Work to be completed: The listing is to be repeated exactly, and its pictures are to be left out.

Raw data:
◇ ◇ ◇ ◇ ◇

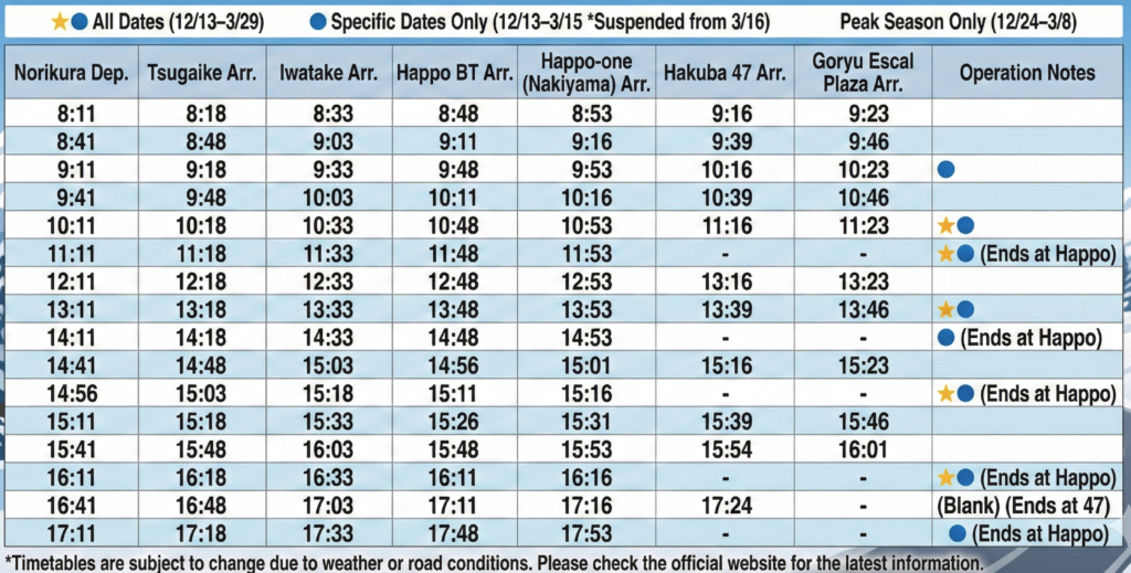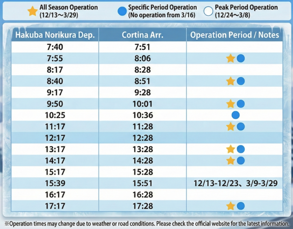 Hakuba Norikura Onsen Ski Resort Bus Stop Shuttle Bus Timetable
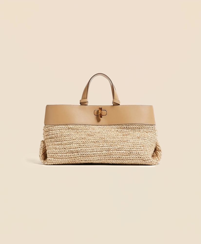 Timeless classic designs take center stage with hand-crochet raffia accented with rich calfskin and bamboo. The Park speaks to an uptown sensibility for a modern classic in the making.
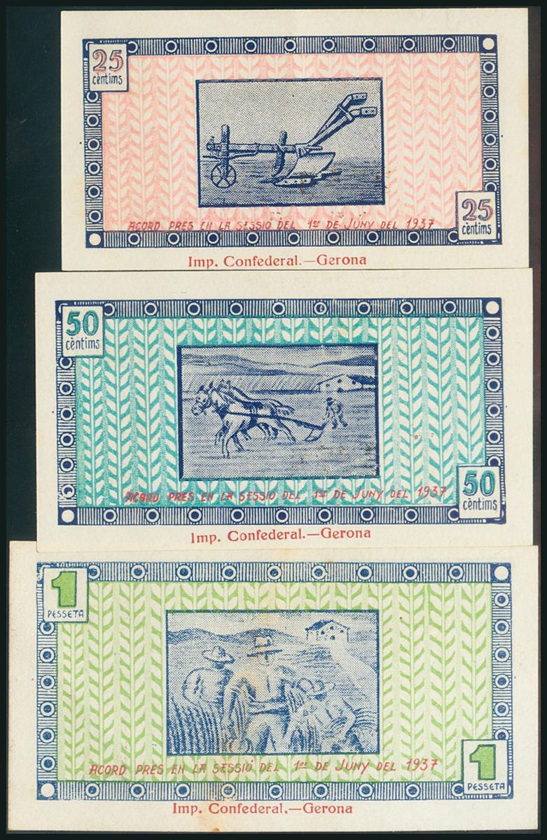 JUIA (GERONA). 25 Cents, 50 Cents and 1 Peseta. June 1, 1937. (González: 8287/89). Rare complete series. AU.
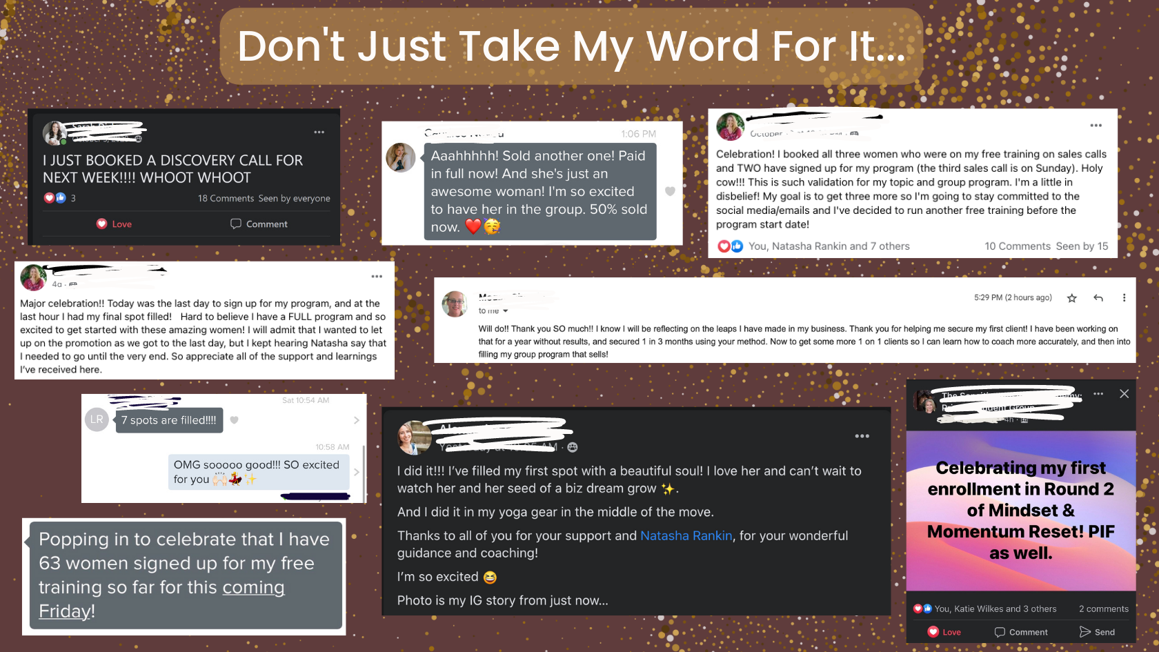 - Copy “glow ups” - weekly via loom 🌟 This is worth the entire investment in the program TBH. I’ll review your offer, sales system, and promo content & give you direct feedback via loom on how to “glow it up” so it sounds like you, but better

◇ ◇ ◇ ◇ ◇

Reply to the exercise:
 Hakuba Norikura Onsen Ski Resort Bus Stop Shuttle Bus Timetable
 Timeless classic designs take center stage with hand-crochet raffia accented with rich calfskin and bamboo. The Park speaks to an uptown sensibility for a modern classic in the making.
 JUIA (GERONA). 25 Cents, 50 Cents and 1 Peseta. June 1, 1937. (González: 8287/89). Rare complete series. AU.
 - Copy “glow ups” - weekly via loom 🌟 This is worth the entire investment in the program TBH. I’ll review your offer, sales system, and promo content & give you direct feedback via loom on how to “glow it up” so it sounds like you, but better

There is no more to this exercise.